On the morning that Spotify Wrapped dropped, I saw people on social media bragging to their friends about being in the top 0.01% of Charli XCX listeners, listening to more “Permanent Wave Shoegaze” than anyone else, and how much “Mallgoth Rock Out Emo” made it into their data recap of the year. And yet, knowing how Spotify has destroyed the music landscape, it all felt wrong.
Spotify is one of the most popular ways to consume music today with over 640 million users but it remains fraught with controversy. The streaming service utilizes an inequitable method of paying artists, has contributed to the monopolization of audio consumption and has prioritized listening based on playlists generated by algorithms and AI. All of this devalues the communal art form of music and eradicates the emotional depth with which we listen. In order to support the future of music and the people who make it, we must move away from Spotify.
Spotify makes payments to artists through their labels and rights holders but distributes those payments based on a process called streamshare. Through this process, subscription dollars are pooled by the streaming service and allocated to rights holders based on the number of times music owned by that rights holder was streamed.
Artists in opposition to the way Spotify and other streaming services operate founded the United Musicians and Allied Workers organization in 2020. This organization strives for a music industry that pays artists fairly for their labor and fights for greater equity amongst musicians. The union organized global protests at Spotify offices in 2021 as part of their Justice at Spotify campaign, which cites such demands as payment of at least one cent per stream and establishing a user-centric payment model.
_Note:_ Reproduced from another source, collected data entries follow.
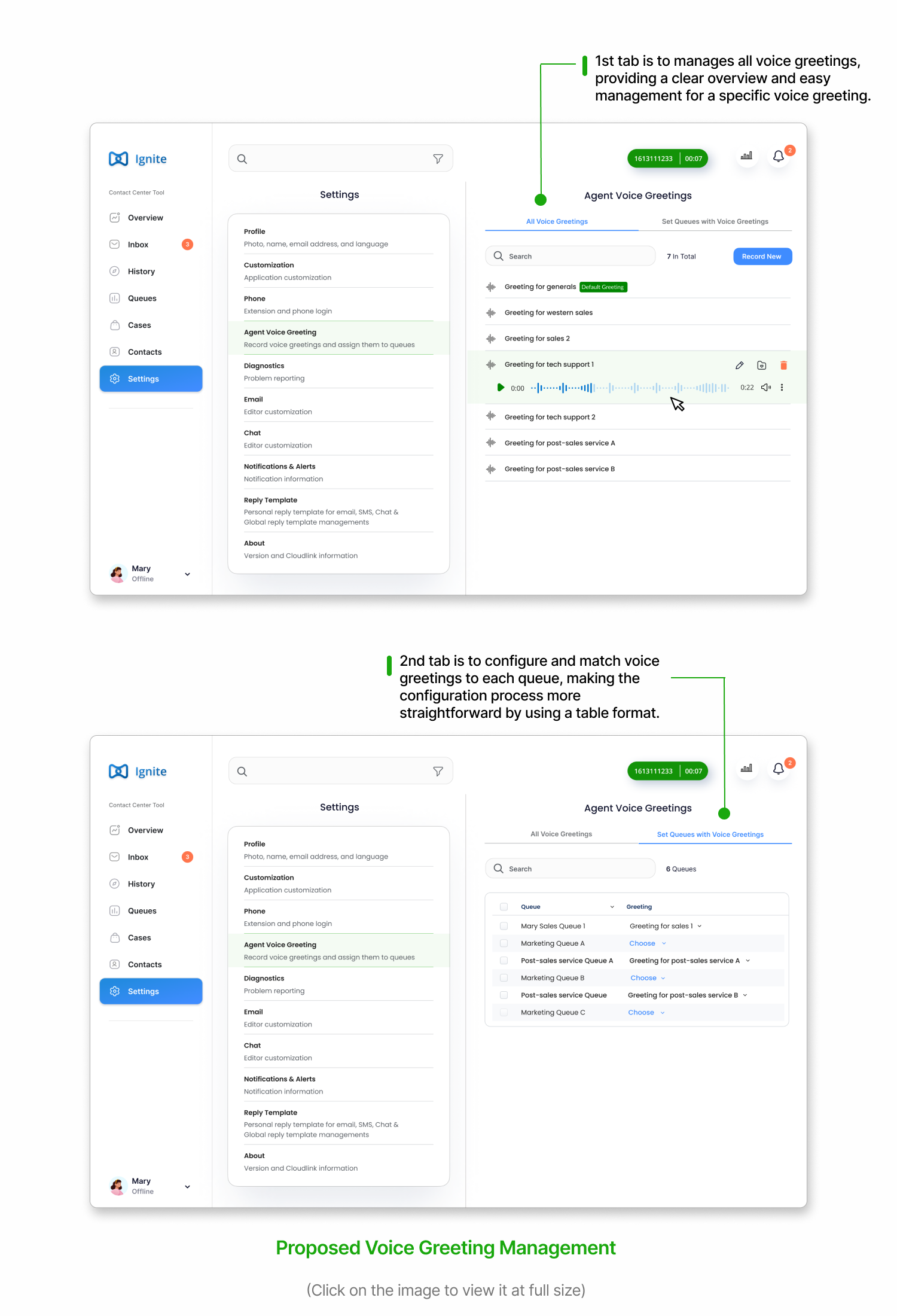 The second tab configures and assigns voice greetings to specific queues, simplifying the process through a table format. This design also supports bulk actions, enabling agents to select multiple rows at once to enhance efficiency.
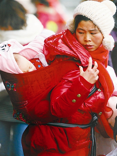 2012年1月3日,江苏省南京市,随着春节的临近,跟随父母在异乡生活的孩子们像候鸟一般,开始陆续返回故乡。虽然回家的路途辛苦,但父母温暖的怀抱让回家路充满了幸福的滋味。王新 摄
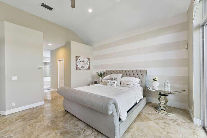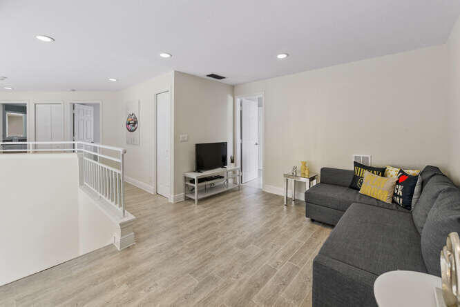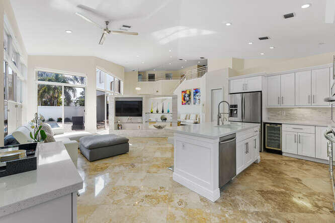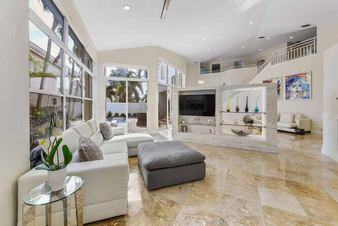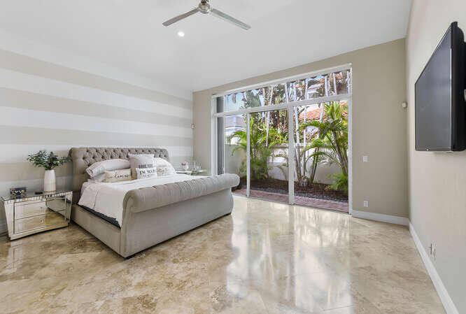 Open & filled with sunlight, this fabulous courtyard of contemporary design offers 3 bedrooms plus a loft & 3 1/2 baths. Features include volume ceilings with extra high-hat lighting; Saturnia marble & luxury vinyl floors; an accent stone wall with a fireplace in the Living Room; an open island kitchen with 42'' white shaker cabinetry, quartz countertops, tile backsplash & stainless steel appliances. The primary suite is on the ground floor featuring 2 custom-configured walk-in closets & a fabulous contemporary bathroom with gray cabinetry & quartz counters. The second floor offers a spacious loft, 2 large secondary bedrooms & 2 baths. The front courtyard is totally private with a pool south-facing for plenty of sun. Offered unfurnished for annual rent.
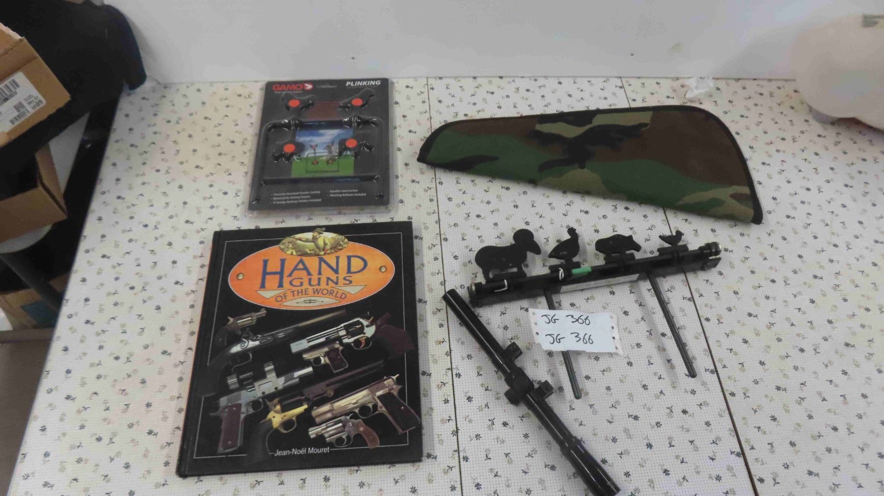 Crossman Airguns Model 538 Airgun Silhouette Target System, Plinking Air Gun Pellet Target, Crossman 4x15 Rifle Scope, Soft Gun Case, 'Handguns of the World' Book

Liz Pelly, a journalist who has written for publications such as The Baffler, The Guardian, and NPR, has been writing about Spotify since the 2010s. On Jan. 7, 2025, she will publish her book “Mood Machine: The Rise of Spotify and the Costs of the Perfect Playlist. ” The book consists of research Pelly has conducted that showcases a cultural criticism of streaming and digital music today and the impacts of streaming on both the listener and the artist.
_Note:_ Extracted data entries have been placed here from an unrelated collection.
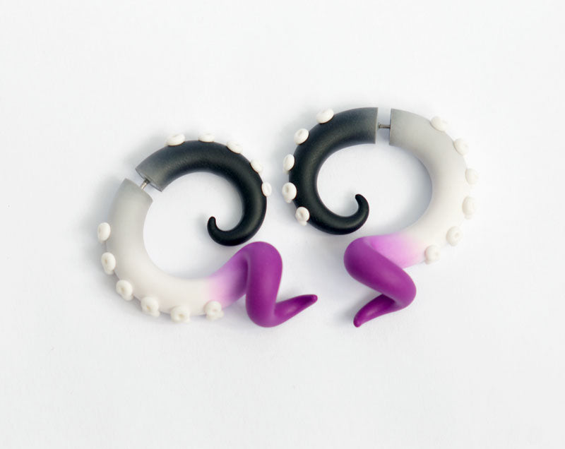 Ich habe mich für diese Tentakel-Ohrringe entschieden, da ich oft Anfragen nach kleinen Ohrsteckern bekomme. Sie könnten an diesen gefälschten Tentakelmaßen interessiert sein, wenn Sie kleine Ohrstecker oder kleine Creolen mögen. Asexuelle Ohrringe zur Feier des asexuellen Stolzmonats. Ich habe die Farben Schwarz, Grau, Weiß und Lila verwendet. Die LGBTQIA+ Day-Ohrringe von Tania Chernova.
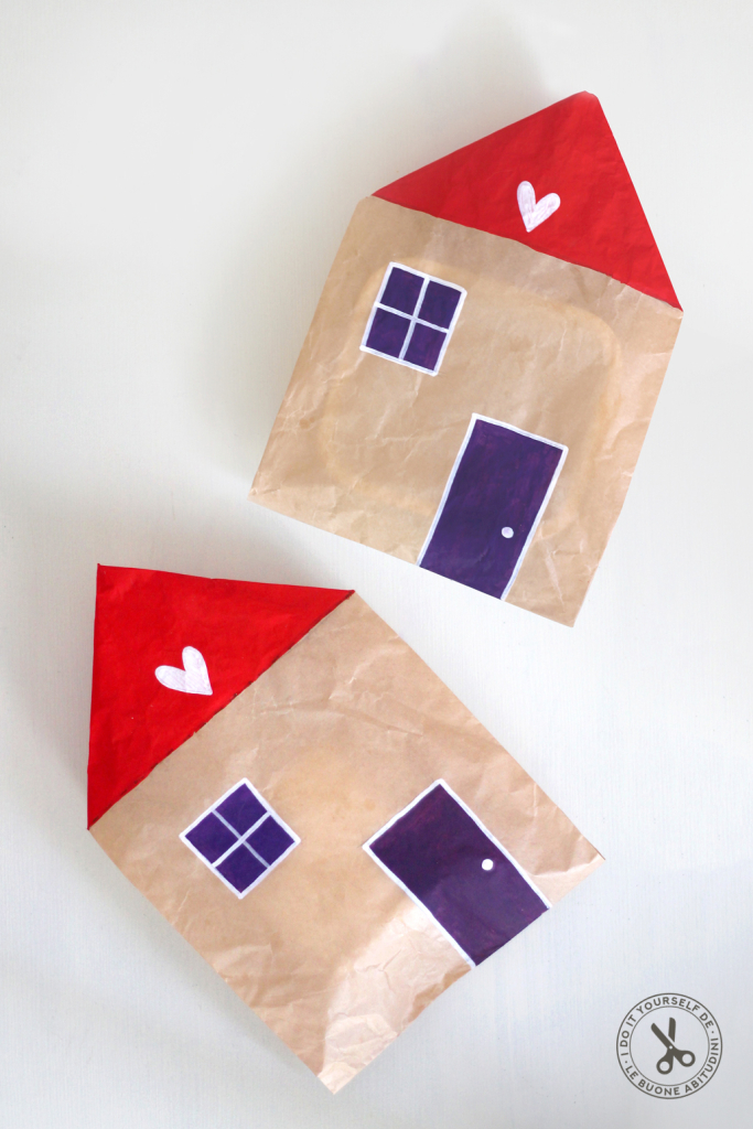 1. Piega gli angoli del sacchetto di carta per dare la forma di una casetta, premi bene sulle pieghe perché rimanga il segno. Disegna poi i contorni di tetto, porta e finestra.
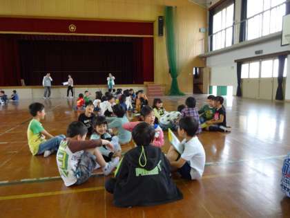 1年生と2年生が一緒に5〜6人のグループになって,自己紹介をしたり,しりとりで遊んだりしました。
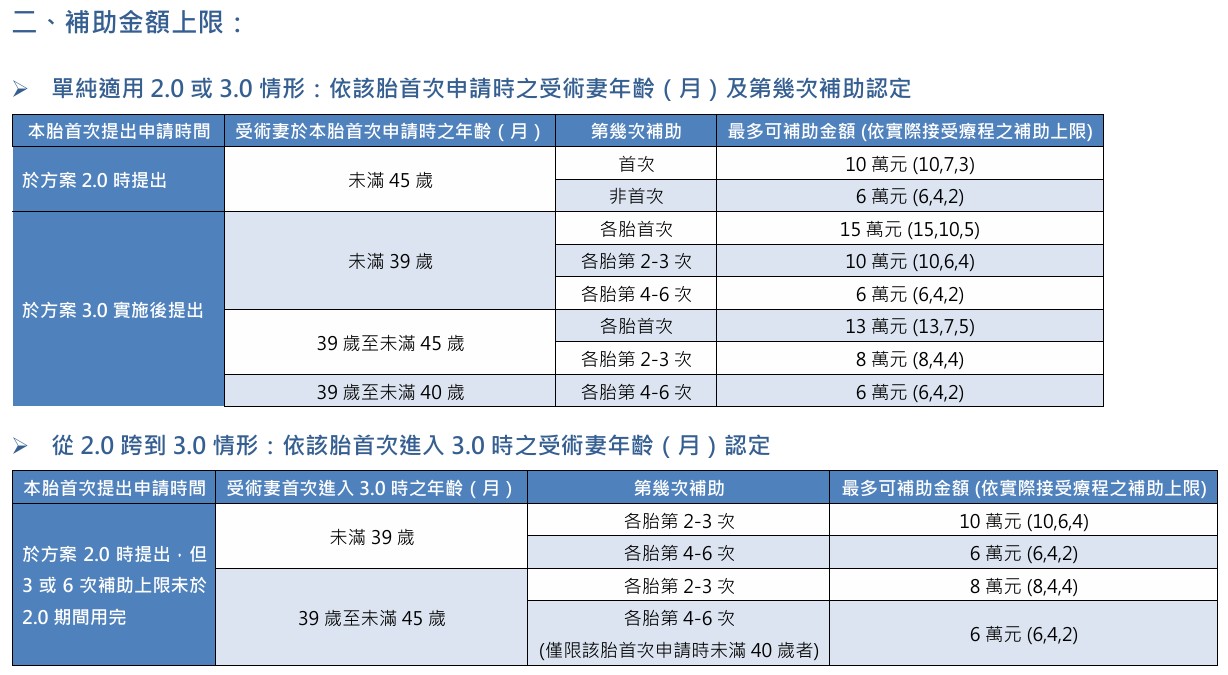 (二)依各胎首次申請時受術妻年齡、申請次數、施術方案給予不同補助額度,補助金額調整重點如下:
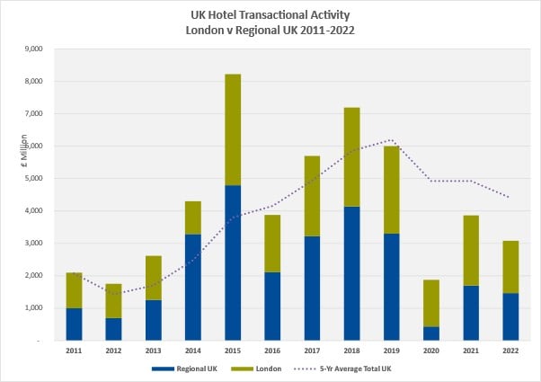 Knight Frank’s latest research records some £3 billion of hotel transactions to have taken place in 2022, some 30% below the five-year average, with the economic uncertainty stalling UK hotel investment volumes.
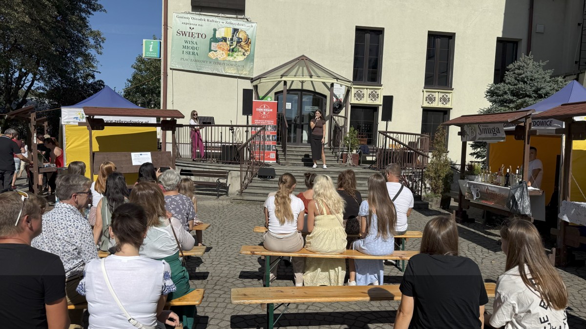 21 września 2025 roku Plac Zamkowy w Zebrzydowicach wypełnił się smakami i muzyką podczas Święta Wina, Miodu i Sera. Uczestnicy kosztowali regionalnych specjałów, słuchali prelekcji o winoroślach i serach oraz bawili się przy koncercie Elżbiety Kożuchowskiej z przyjaciółmi. Najmłodsi korzystali z bezpłatnych atrakcji, tworząc razem z dorosłymi wyjątkową, rodzinną atmosferę. Fot: GOK Zebrzydowice

One of Pelly’s focuses is the concept of the Spotify playlist and how, over time, this has shifted towards algorithmic and AI-generated playlists in the quest for what the company deems a “perfect playlist.”
“A lot of the book looks at how such a big part of Spotify’s strategy for growth involved bringing in playlist curators, raising different algorithmic recommendations; this sort of shift from just being a place on the internet where you could access the so-called entire history of recorded music to becoming a platform that was really about knowing your taste better than you know it yourself,” Pelly said.
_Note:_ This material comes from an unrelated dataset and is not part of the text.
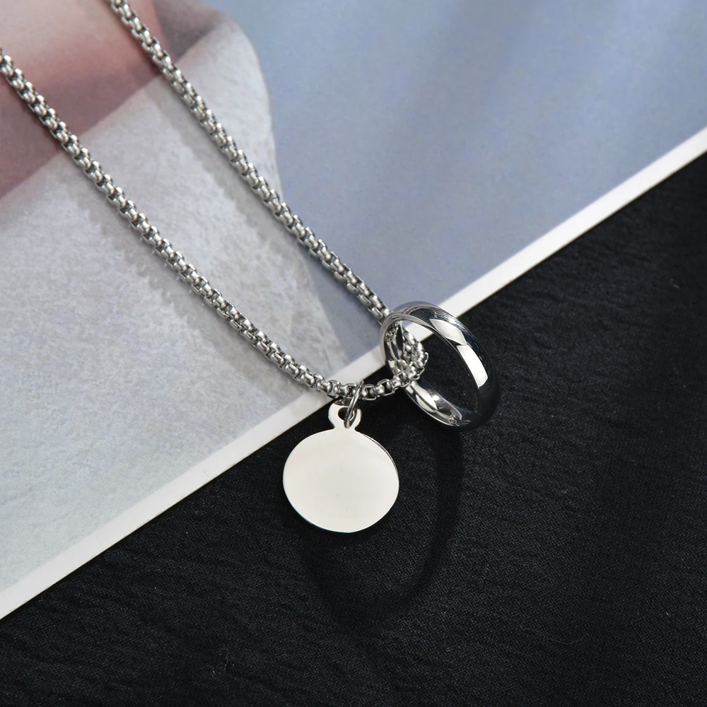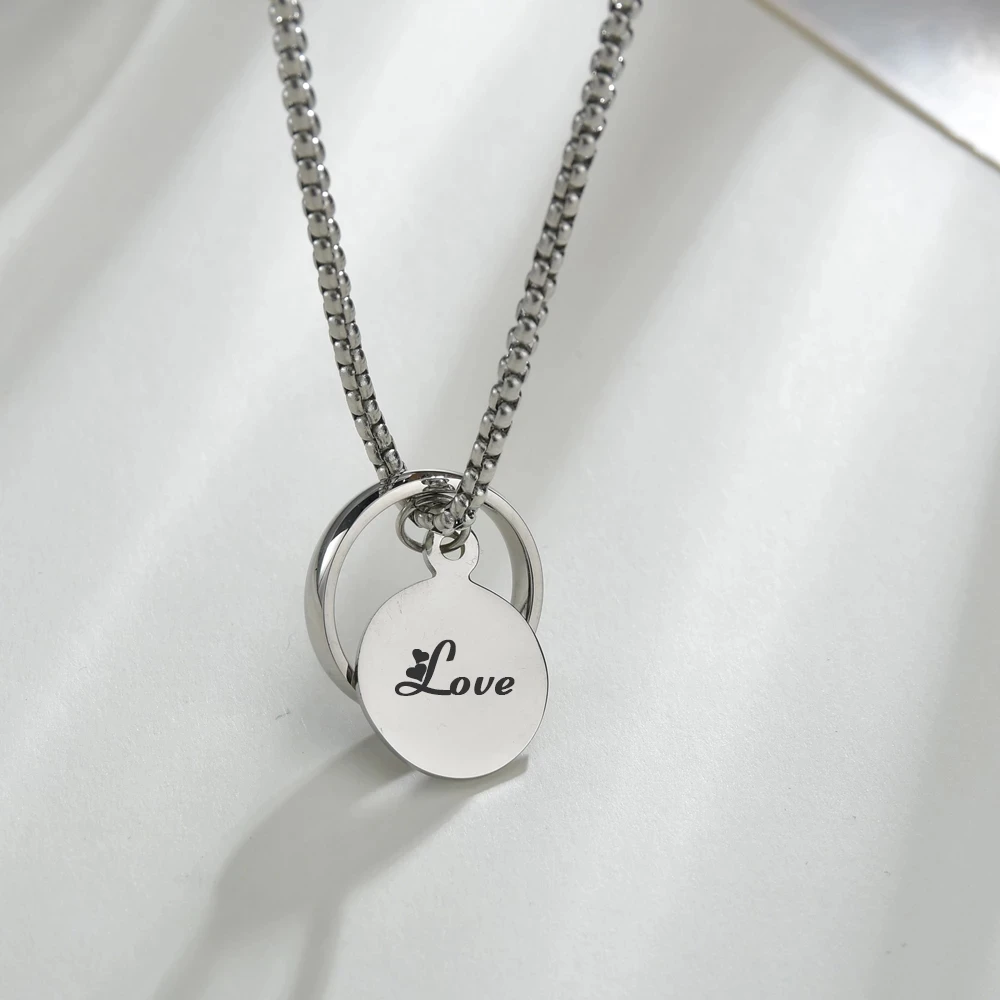 Мы будем выгравировать слова на ожерелье. Если вы хотите выгравировать, пожалуйста, свяжитесь с нами и уточните слова.Мы делаем это как обычное.Индивидуальная гравировка имени кольцо из нержавеющей стали ожерелья Круглый Кулон цепочка ожерелье для женщин ювелирные изделия подарок на день рождения

The data-driven approach to listening, culminating with Wrapped, discourages an emotional connection with music. The playlist-centric approach caters to what the music industry refers to as the “lean-back listener” who seeks out background, inoffensive music.
“There’s so many different ways to listen to music but in order to create the most engagement, the most frictionless experience, there has really been this one mode of listening that has really been championed, which is making it as easy as possible for people to just shoot music in the background all day, not change it,” she said.
In December 2023, Spotify announced it would lay off 17% of its workforce. This came soon after Spotify announced expansions of its AI programming and it has been inferred that the two are related. This shift towards AI programming has only further cemented the mechanical approach towards listening habits.
While these changes by Spotify work for some artists, it has other impacts on music that do not lend well to smaller independent artists. Most artistically driven musicians do not create music to be consumed in singular snippets or shortened clips for TikTok. The music that interests me is emotionally charged and requires care and attention when consuming it but those artists are pushed out of the spotlight by easily palatable snippets.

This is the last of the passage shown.